Товарищ Безменов засмеялся. Я часто видела его улыбку, но смех слышала впервые. Впрочем, сейчас это был тихий смех, нервный, а не веселый. Он бросил папиросу в свирепый поток ветра, не докурив ее, а потом снова достал свежую и держал в руках, не зажигая. Меня удивляло и трогало его волненье. Я приписывала его нашей близости. Понемножку, осмелев и спустив шарф на лоб, я стала глядеть на него неотступно. Мне казалось, я в далеком Цюрихе, на парапете маленькой кондитерской. Мне казалось, я впервые вижу, издалека и с полной душевной свободой, эту благородную голову, чуть откинутую назад, носильщика, потянувшегося в могучей зевоте, линию затылка, шеи, плеч. Я смотрела прежним взглядом светской дамы, наслаждаясь свободой, властью над собой и над обстоятельствами, и вдруг что-то кольнуло меня в сердце: крохотная мысль, как блеск от зажженной спички, краткая, ослепительная мысль о том, что я любила его с первой минуты и люблю теперь. Замзав вынул часы из кармана:
– Еще десять минут. Вон огоньки. Подъезжайте прямо к партийному клубу.
– Мы не можем взять на заседанье товарища Зворыкину, это против устава, – вмешался горбун.

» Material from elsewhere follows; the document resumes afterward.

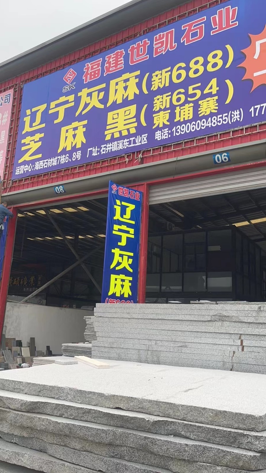 福建世凱石業(yè) 聯(lián)系人:洪先生    139****4855 查看 手機(jī)號(hào)碼:無 主營(yíng)范圍: 大板批發(fā)、荒料、花崗巖加工、異型加工、礦山、 企業(yè)地址:福建泉州南安市水頭鎮(zhèn)海西石材城花崗巖7棟6-8號(hào)
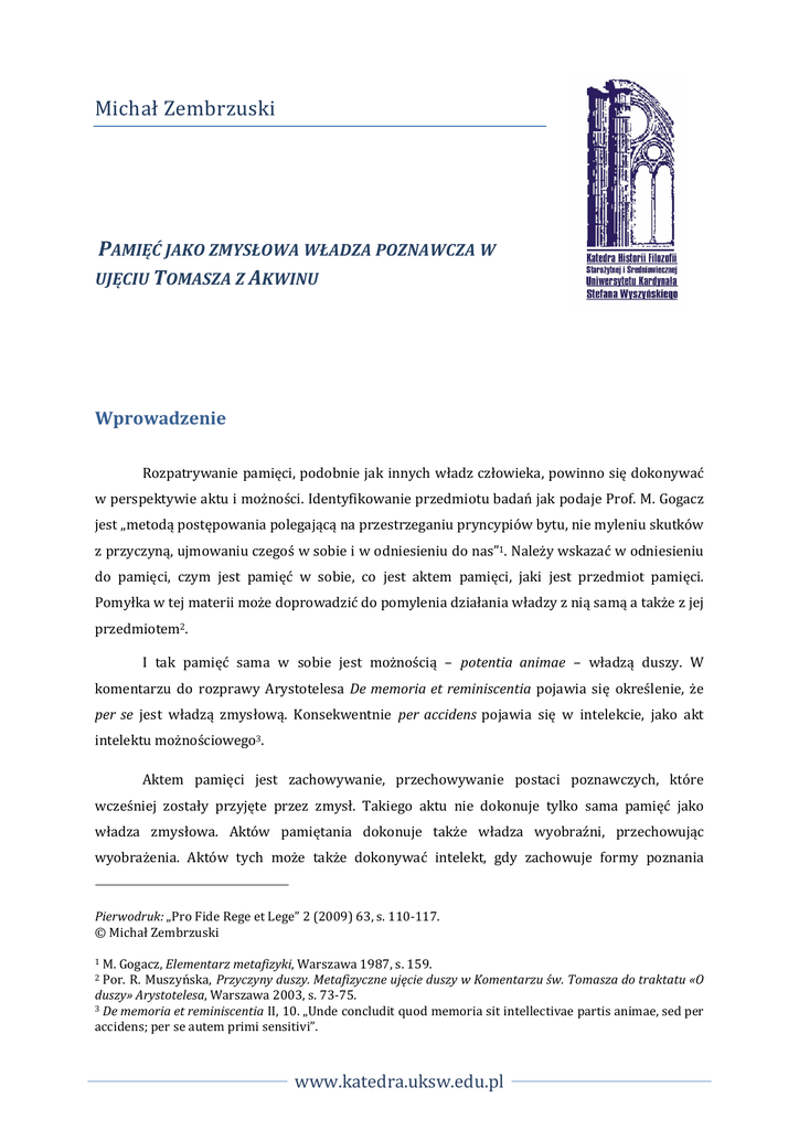 Pamięć jako zmysłowa władza poznawcza w ujęciu

– Она может обождать нас в соседней комнате, – произнес Безменов. И словно от близости разлуки, не сговариваясь, не глядя друг на друга, незаметно для окружающих мы взялись за руки. Моя рука была холодна, как лед. Его пальцы – теплые и сильные. Шофер затормозил автомобиль. Сказка кончилась. Огромные черные псы кидались на нас с двух сторон, оглушительно лая. Вокруг виднелись темные строения. Двухэтажный домик партийного клуба был освещен керосиновыми лампами. Мы приехали в Черноямы.
Глава шестая
Село Черноямы лежало в глухой котловине, обрамленной горной грядой с залежами антрацита. Здесь почти не было растительности. Вдоль шоссейной дороги торчали кривые сучья терновника. Земля вокруг в бугорках и кочках. Только с береговой стороны, где цеплялись за скалы деревянные лачуги рыбаков, шли луга и великолепный выгон, расстилавшийся на несколько десятков верст.
Обитатели Черноям, поселенцы из центральных губерний, жили вперемешку с татарами и немцами, имевшими здесь всего несколько дворов. По ежемесячным отчетам, поступавшим в земотдел, а оттуда ко мне на машинку, я знала, что это село богатое, хотя неблагополучное. Мужики туго привыкали к чуждому для них скотоводству. Немцы жаловались на постоянное обкрадыванье ферм. Татары держались особняком и резали уши, нос и пальцы попадавшимся конокрадам. Здесь были случаи поножовщины, самосуда. К перемене власти село отнеслось равнодушно. Условия ли жизни, мрачное ли место или темперамент переселенцев, но только они были до последнего предела пассивны и мрачны.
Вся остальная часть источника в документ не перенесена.